Self-organizing nest migration dynamics synthesis for ant colony systems
- URL: http://arxiv.org/abs/2210.03975v1
- Date: Sat, 8 Oct 2022 09:16:16 GMT
- Title: Self-organizing nest migration dynamics synthesis for ant colony systems
- Authors: Matin Macktoobian
- Abstract summary: In study, we synthesize a novel dynamical approach for ant colonies enabling them to migrate to new nest sites in a self-organizing fashion.
We first segment the edges of the graph of ants' pathways. Then, each segment, attributed to its own pheromone profile, may host an ant.
Thanks to this segment-wise edge formulation, ants have more selection options in the course of their pathway determination.
- Score: 0.0
- License: http://arxiv.org/licenses/nonexclusive-distrib/1.0/
- Abstract: In this study, we synthesize a novel dynamical approach for ant colonies
enabling them to migrate to new nest sites in a self-organizing fashion. In
other words, we realize ant colony migration as a self-organizing
phenotype-level collective behavior. For this purpose, we first segment the
edges of the graph of ants' pathways. Then, each segment, attributed to its own
pheromone profile, may host an ant. So, multiple ants may occupy an edge at the
same time.
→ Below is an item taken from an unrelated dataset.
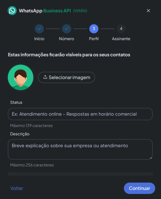 Nessa etapa você irá configurar as informações do perfil que serão exibidas aos seus contatos. Insira o status e a descrição do canal.

Thanks to this segment-wise edge formulation, ants have more
selection options in the course of their pathway determination, thereby
increasing the diversity of their colony's emergent behaviors. In light of the
continuous pheromone dynamics of segments, each edge owns a spatio-temporal
piece-wise continuous pheromone profile in which both deposit and evaporation
processes are unified. The passive dynamics of the proposed migration mechanism
is sufficiently rich so that an ant colony can migrate to the vicinity of a new
nest site in a self-organizing manner without any external supervision. In
particular, we perform extensive simulations to test our migration dynamics
applied to a colony including 500 ants traversing a pathway graph comprising
200 nodes and 4000 edges which are segmented based on various resolutions. The
obtained results exhibit the effectiveness of our strategy.